**ACTIVITY:** Show only those lines of the entries where the string "black" is found.

Segment Start: SUPPLIED MATERIAL

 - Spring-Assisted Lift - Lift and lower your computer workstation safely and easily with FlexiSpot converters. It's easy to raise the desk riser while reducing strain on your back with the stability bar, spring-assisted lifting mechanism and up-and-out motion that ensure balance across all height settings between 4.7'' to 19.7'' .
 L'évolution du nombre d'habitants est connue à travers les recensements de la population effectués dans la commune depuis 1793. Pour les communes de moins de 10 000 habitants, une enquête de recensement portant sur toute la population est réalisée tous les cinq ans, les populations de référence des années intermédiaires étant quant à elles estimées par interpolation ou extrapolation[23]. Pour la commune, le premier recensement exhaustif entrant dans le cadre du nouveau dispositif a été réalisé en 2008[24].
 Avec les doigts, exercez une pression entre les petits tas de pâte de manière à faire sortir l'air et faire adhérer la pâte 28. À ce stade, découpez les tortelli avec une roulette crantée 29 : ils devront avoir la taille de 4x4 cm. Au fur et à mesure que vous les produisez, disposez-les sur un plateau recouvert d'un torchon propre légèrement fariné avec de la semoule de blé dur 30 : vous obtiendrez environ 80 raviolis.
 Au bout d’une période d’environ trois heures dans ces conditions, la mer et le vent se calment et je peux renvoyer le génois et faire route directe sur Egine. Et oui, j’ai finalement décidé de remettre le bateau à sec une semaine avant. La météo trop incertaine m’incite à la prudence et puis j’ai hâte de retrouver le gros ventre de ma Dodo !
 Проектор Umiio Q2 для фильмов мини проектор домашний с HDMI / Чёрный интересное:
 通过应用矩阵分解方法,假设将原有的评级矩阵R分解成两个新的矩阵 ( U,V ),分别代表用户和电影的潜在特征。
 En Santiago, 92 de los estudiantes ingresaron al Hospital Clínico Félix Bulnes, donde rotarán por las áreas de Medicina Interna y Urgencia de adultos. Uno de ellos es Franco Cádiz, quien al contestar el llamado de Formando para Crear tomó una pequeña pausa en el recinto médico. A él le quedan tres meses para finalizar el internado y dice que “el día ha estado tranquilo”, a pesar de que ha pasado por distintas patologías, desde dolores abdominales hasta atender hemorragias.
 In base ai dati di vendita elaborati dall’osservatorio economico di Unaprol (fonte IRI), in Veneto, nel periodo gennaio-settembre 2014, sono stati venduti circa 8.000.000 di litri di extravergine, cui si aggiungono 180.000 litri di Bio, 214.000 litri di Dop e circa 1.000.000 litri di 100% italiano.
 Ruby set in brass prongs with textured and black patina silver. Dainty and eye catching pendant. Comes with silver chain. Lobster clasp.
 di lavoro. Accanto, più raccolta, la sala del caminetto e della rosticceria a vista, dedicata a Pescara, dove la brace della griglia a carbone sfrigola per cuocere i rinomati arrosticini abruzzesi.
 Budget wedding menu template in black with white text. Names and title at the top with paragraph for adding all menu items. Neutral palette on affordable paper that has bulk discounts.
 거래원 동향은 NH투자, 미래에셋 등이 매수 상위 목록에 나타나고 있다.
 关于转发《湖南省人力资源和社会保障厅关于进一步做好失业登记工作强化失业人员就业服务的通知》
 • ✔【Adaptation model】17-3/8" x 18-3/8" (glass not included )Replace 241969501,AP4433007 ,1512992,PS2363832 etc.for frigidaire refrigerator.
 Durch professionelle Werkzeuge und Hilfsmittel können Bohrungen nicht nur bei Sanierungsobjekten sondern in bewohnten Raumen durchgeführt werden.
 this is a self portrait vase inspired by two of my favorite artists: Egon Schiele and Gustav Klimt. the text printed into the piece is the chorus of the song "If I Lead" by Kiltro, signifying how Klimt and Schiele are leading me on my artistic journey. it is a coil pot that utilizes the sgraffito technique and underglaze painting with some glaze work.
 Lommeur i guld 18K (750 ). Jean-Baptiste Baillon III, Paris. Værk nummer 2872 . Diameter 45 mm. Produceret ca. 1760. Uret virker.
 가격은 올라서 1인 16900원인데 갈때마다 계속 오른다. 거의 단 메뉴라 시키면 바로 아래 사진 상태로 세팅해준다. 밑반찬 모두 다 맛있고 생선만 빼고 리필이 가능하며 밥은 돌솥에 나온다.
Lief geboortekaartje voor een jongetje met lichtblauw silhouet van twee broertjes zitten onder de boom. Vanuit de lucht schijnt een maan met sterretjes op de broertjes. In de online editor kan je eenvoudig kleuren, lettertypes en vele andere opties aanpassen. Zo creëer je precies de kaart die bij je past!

Segment End: SUPPLIED MATERIAL

**EXERCISE RESPONSE:**
 Ruby set in brass prongs with textured and black patina silver. Dainty and eye catching pendant. Comes with silver chain. Lobster clasp.
 Budget wedding menu template in black with white text. Names and title at the top with paragraph for adding all menu items. Neutral palette on affordable paper that has bulk discounts.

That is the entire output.